Most modes of operation use an initialization vector which is where the non-determinism is injected. Some modes (e.g. GCM or EAX) require only a non-repeating IV; a counter can be fine for them, and can be implicit in some context (e.g. when there are successive messages on a given communication stream, the message number can serve as IV). Some other modes, notably CBC, are secure in all generality only if the IV is chosen randomly, uniformly, with a strong PRNG, and the next IV to use is not already known when the plaintext data is chosen. failure to meet all these requirements has been the source of many problems, e.g. the BEAST attack on SSL.
So one could say that secure symmetric encryption requires at least memory (for instance, to remember a counter value) or randomness.

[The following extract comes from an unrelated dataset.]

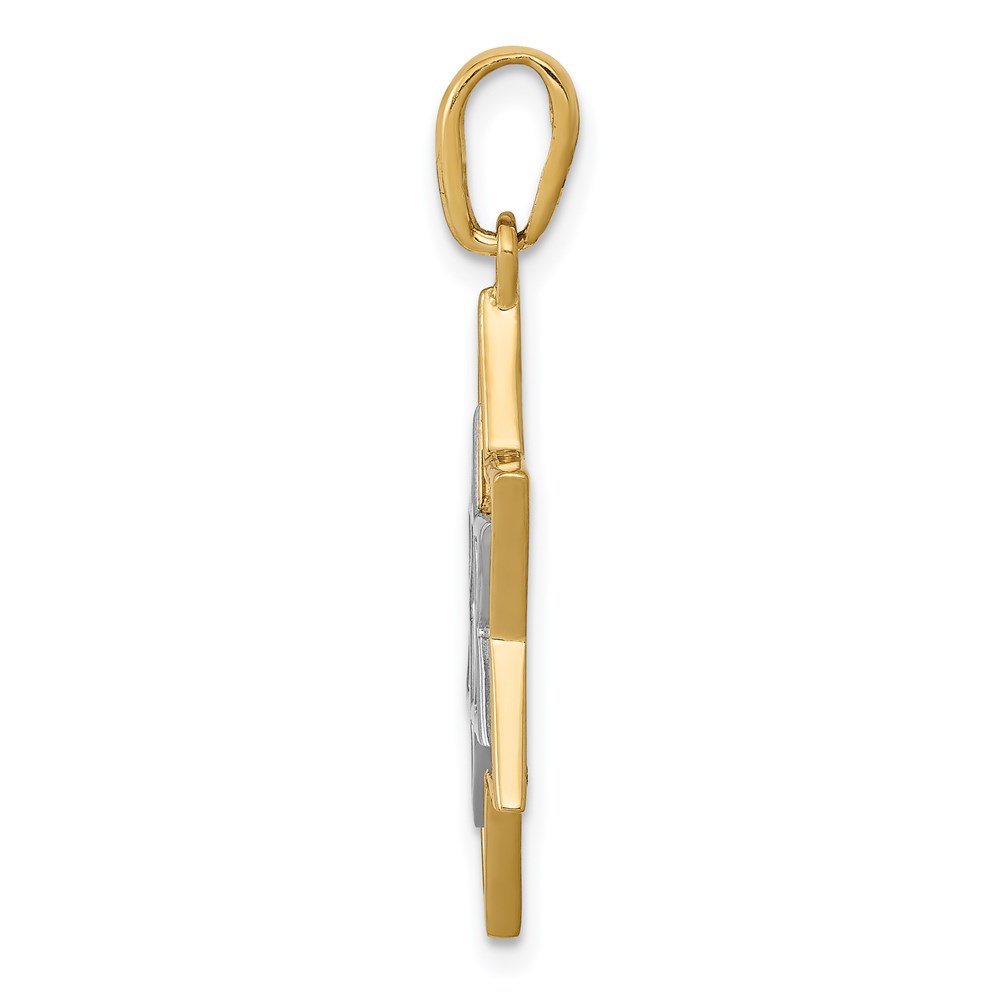 14K and White Rhodium Solid Mesh Star Of David Charm
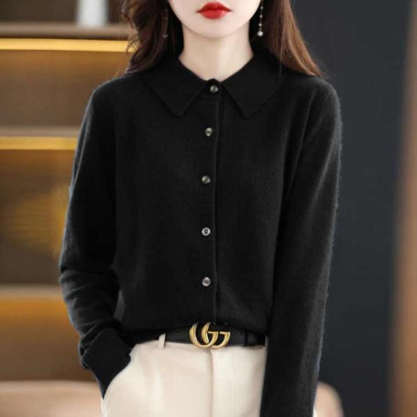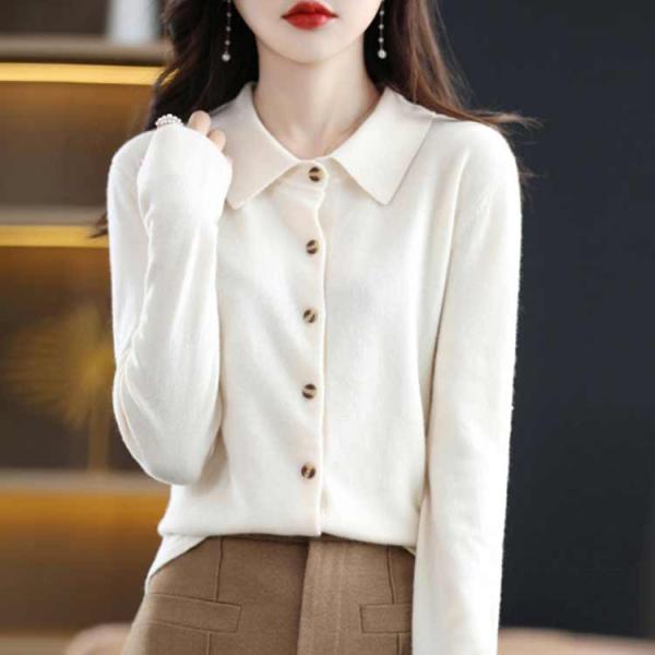 レディース 襟付き 無地 ニットカーディガン ショート丈 前開き カーディガン カットソー ポロシャツ ニットセーター 長袖 全9色!ニットポロシャツ

The "memory" can be a common worldwide counter (e.g. current time, but beware clock adjustments !).
If you are ready to tolerate the small leak about whether two given input messages are identical or not, then it is possible to have a fully deterministic, memory-less encryption system, but it will not be compatible with streamed encryption (you have to keep the whole message in memory during the process). Basically you compute a deterministic MAC algorithm over the message (such as HMAC) and use its output as IV. This is a two-pass algorithm, and that's rather unavoidable. If two source messages are identical, then they will yield the same encrypted message, but if they differ anywhere (even on their last bit) then, with high probability, the encrypted messages will be wholly different.
Unfortunately, platforms for which memory and/or randomness are hard requirements (e.g. smart cards) are also platforms where RAM is at a premium, and a two-pass system can be overly expensive.